LukeMathWalker commented 5 years ago

I think we should mimic the numpy behavior here and not assume the weights are pre-normalized. I think we should divide by the weight sum inside the weighted_mean method.

I am not sure - I am concerned about introducing rounding errors doing a normalization step that might or might not be necessary. I would lean on the side of being explicit and letting the user taking care of normalisation, if they need it.

fmorency commented 5 years ago

I think we should mimic the numpy behavior here and not assume the weights are pre-normalized. I think we should divide by the weight sum inside the weighted_mean method.

I am not sure - I am concerned about introducing rounding errors doing a normalization step that might or might not be necessary. I would lean on the side of being explicit and letting the user taking care of normalisation, if they need it.

I see your point and I tend to agree.

However, my concern is that the weighted_mean function doesn't return an actual weighted mean, except then the weights are normalized. From the definition in the documentation, I would tend to

Thoughts?

LukeMathWalker commented 5 years ago

I think we should mimic the numpy behavior here and not assume the weights are pre-normalized. I think we should divide by the weight sum inside the weighted_mean method.

I am not sure - I am concerned about introducing rounding errors doing a normalization step that might or might not be necessary. I would lean on the side of being explicit and letting the user taking care of normalisation, if they need it.

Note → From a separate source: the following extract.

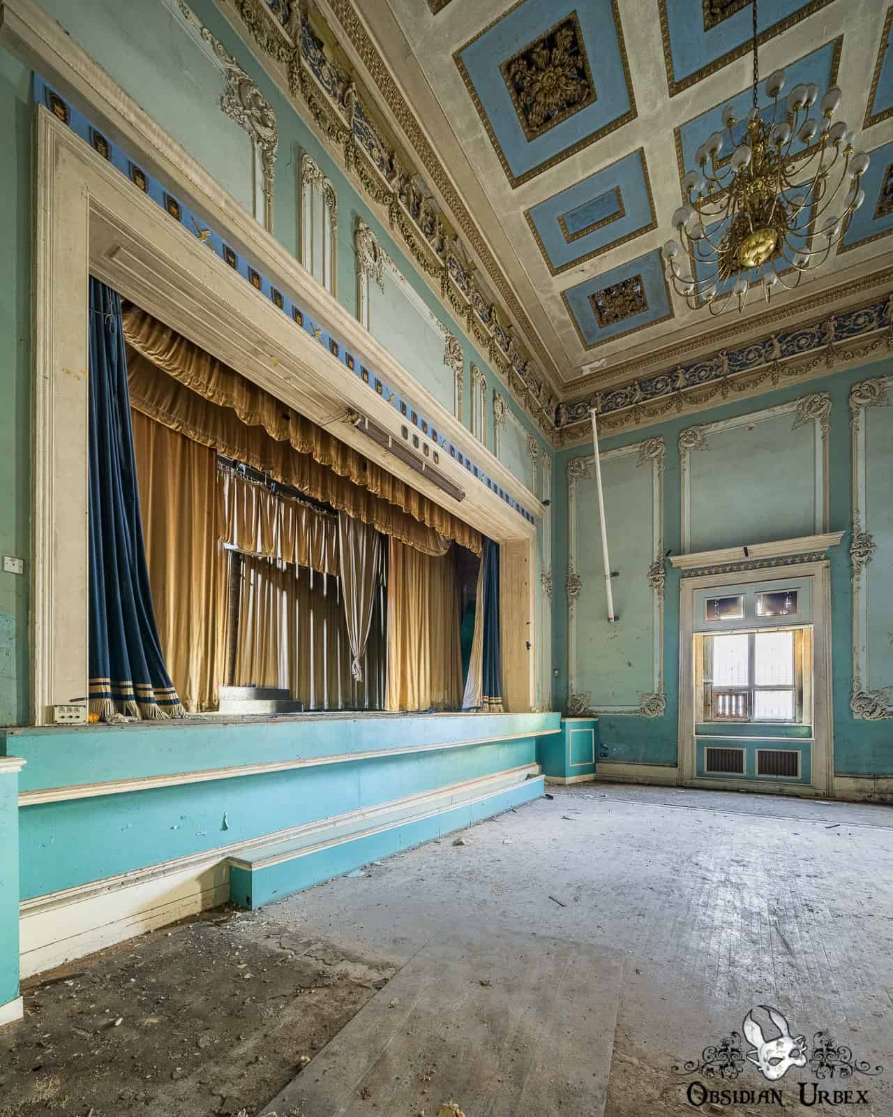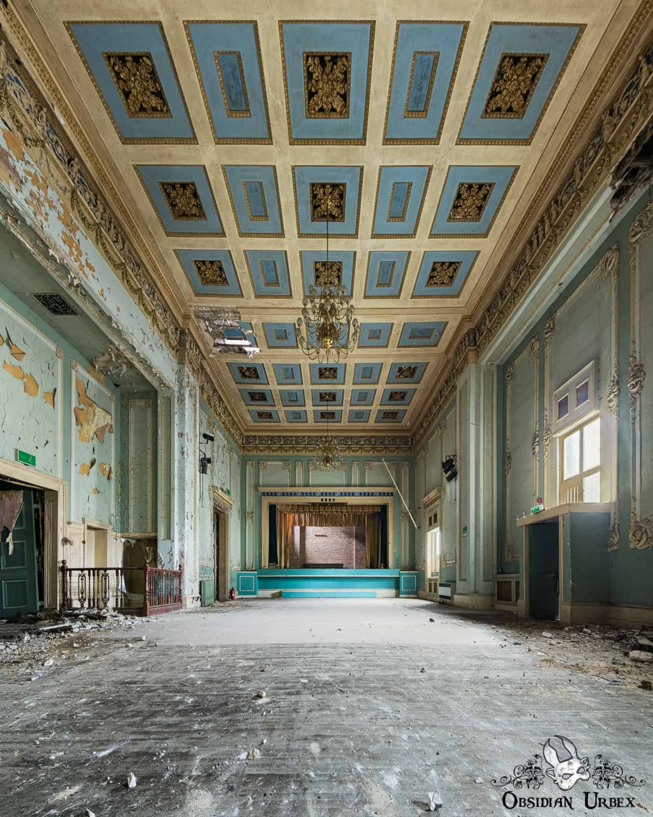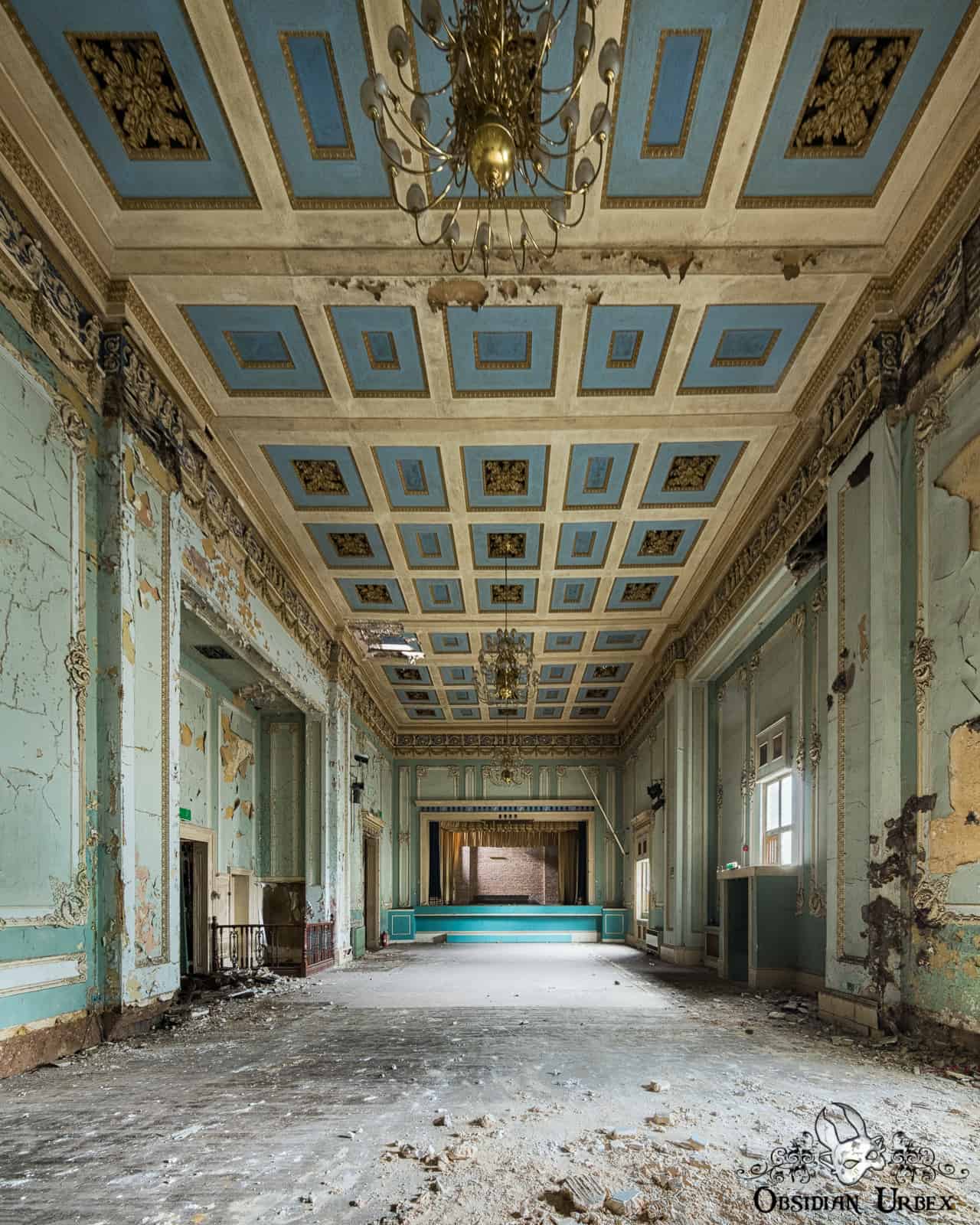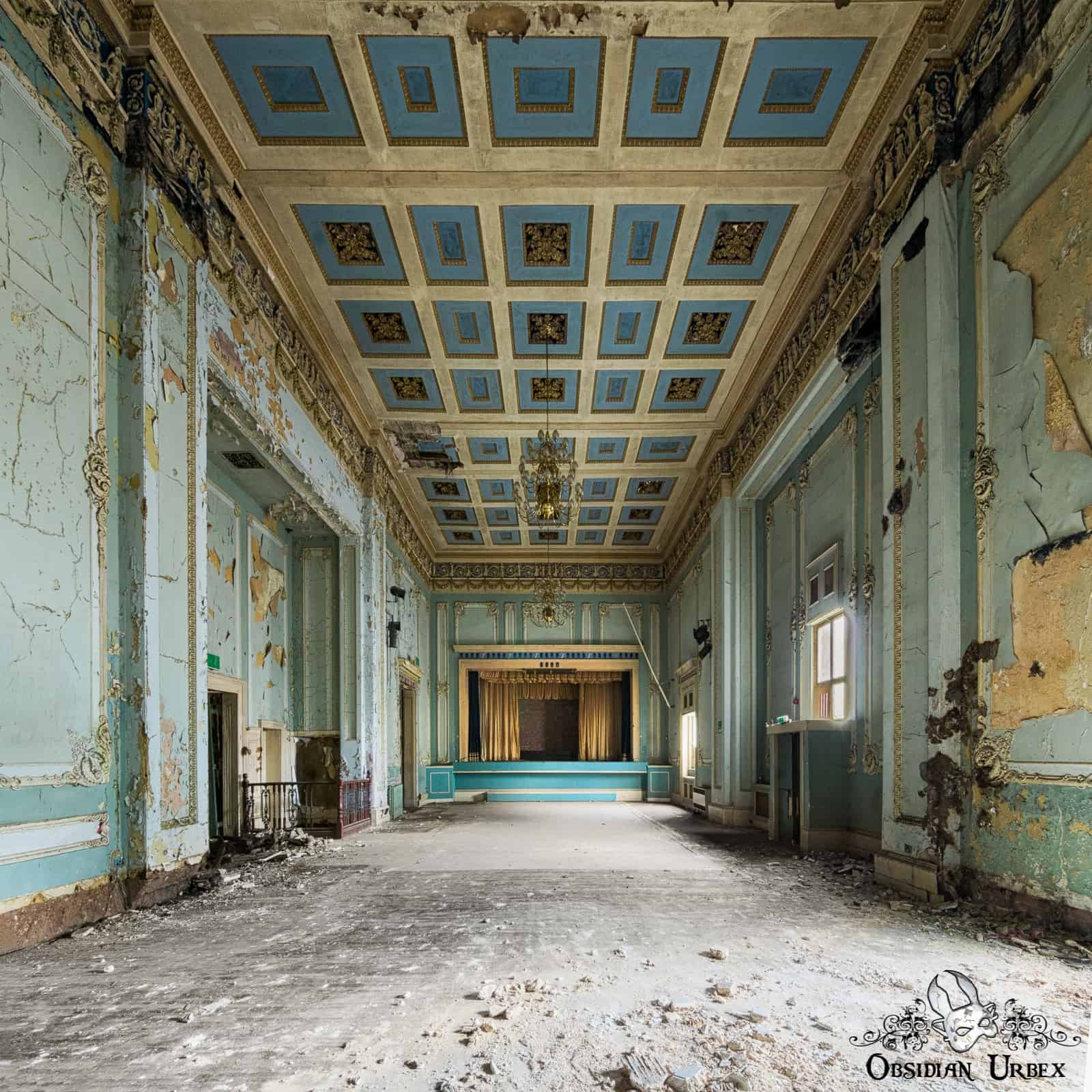 The Regency Ballroom is an abandoned early 19th Century ballroom and social venue in England. This location is a rare jewel among UK urbex, in terms of grandeur and scale. This building has been abandoned since the mid-1990s. After several spates of lead theft, the roof has leaked and sagged. Inside the wooden areas of the floor are rotting and partially collapsing. Plaster moulding falls from the ceilings as large segments as well as crumbling finer dust. Amazingly, over two decades of decay and water ingress have failed to dull the beauty of this place.

I see your point and I tend to agree.

However, my concern is that the weighted_mean function doesn't return an actual weighted mean, except then the weights are normalized. From the definition in the documentation, I would tend to

  • Rename this function to weighted_sum and note in the documentation that if the weights are pre-normalized, the result is a weighted mean
  • Write an additional function weighted_mean that actually computes the weighted mean given any input - ie. divide by the sum of the weights.

Thoughts?

I think that makes perfect sense :+1:

nilgoyette commented 5 years ago

I think it's better now. I had to remove or if the length of the axis is zero and division by zero panics for type A. on weighted_mean_axis because the MultiInputError::EmptyInput error happens before any panic. Imo it's better that way.

Can you please check the two first assert_eq! of weighted_sum_dimension_zero? As I wrote, [0, N] arrays don't make sense to me so I'm not sure what's the right output.